The sixth idealism is that it is every stakeholder's job to find resources for Ashoka. As Sanjeev Bikhchandani pointed out in this newspaper, Ashoka not receiving any government money (Harvard got $90,000 per student per year from the government last year), means any reduction in donor funding will result in hiking fees, reducing salaries, canceling capex, slowing expansion, increasing class size, raising faculty teaching load, deprioritising research, allowing in day scholars, shutting down some departments, reducing elective courses, rationing placement support, and simplifying the admissions process to use CUET. Ashoka is far from financially self-sustainable, and any reduction in donor funding would close the doors for talented but underprivileged students. So every Ashoka stakeholder must be mindful that their behaviour does not make a difficult task - resource raising from donors who get no financial return - impossible.
A recent anonymous Edict article titled ‘Who does Ashoka belong to?’ unfairly implies that Ashoka is run like a Jaagir (property), not Amaanat (trustees who hand over in better condition to the next generation). Ashoka does not belong to anybody. The article suggests that 230+ founder donors are homogeneous in their aspirations, “tormented by the ghost of their own vision,” and care more about “money and reputation” than students. This assumes that vocal activists, passionate protestors, or anonymous writers with simplistic or ideological narratives are representative of all Ashoka stakeholders.

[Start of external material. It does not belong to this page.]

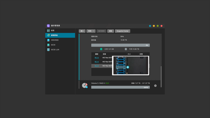 滿不錯的是,在系統中也可以看到他會在畫面上提示各條 SSD 安裝的位置,可以對應到主機板上的 SSD 編號,算是有基本的管理功能。

A new book, Moral Ambition, by Rutger Bregman, faces criticism that moral people aren’t ambitious and ambitious people aren’t moral. This criticism echoes recent Ashoka student social media posts asserting, “some of us will never be rich, but we will never be for sale either”, and “existence is resistance”. Most Ashoka students are simply too talented and ambitious to be so cynical. Over the next fifty years, Ashoka University and its alumni will demonstrate being moral AND ambitious.
Ashoka makes India stronger by ensuring the best Indian and global faculty have a home in India, and students don’t have to head overseas for a globally benchmarked education. Every Ashoka student has mighty causes beckoning them: finding a cure for cancer, doubling farmers’ income, improving learning outcomes in government schools, and strengthening our infrastructure of opportunity. Use your privilege well. The gap between India’s aspirations and reality - our missed tryst with destiny - is not a lie but a disappointment that Ashoka helps erase. Let's be good ancestors and treat Ashoka like an Amaanat so that many generations after us also have that privilege.
(The writers are educators, entrepreneurs, past and present Ashoka parents, founders, board members, and volunteer their time at Ashoka)
The views, opinions, thoughts, or perspectives expressed in this article belong solely to the writers and do not necessarily reflect the views, policies, or positions of The Edict.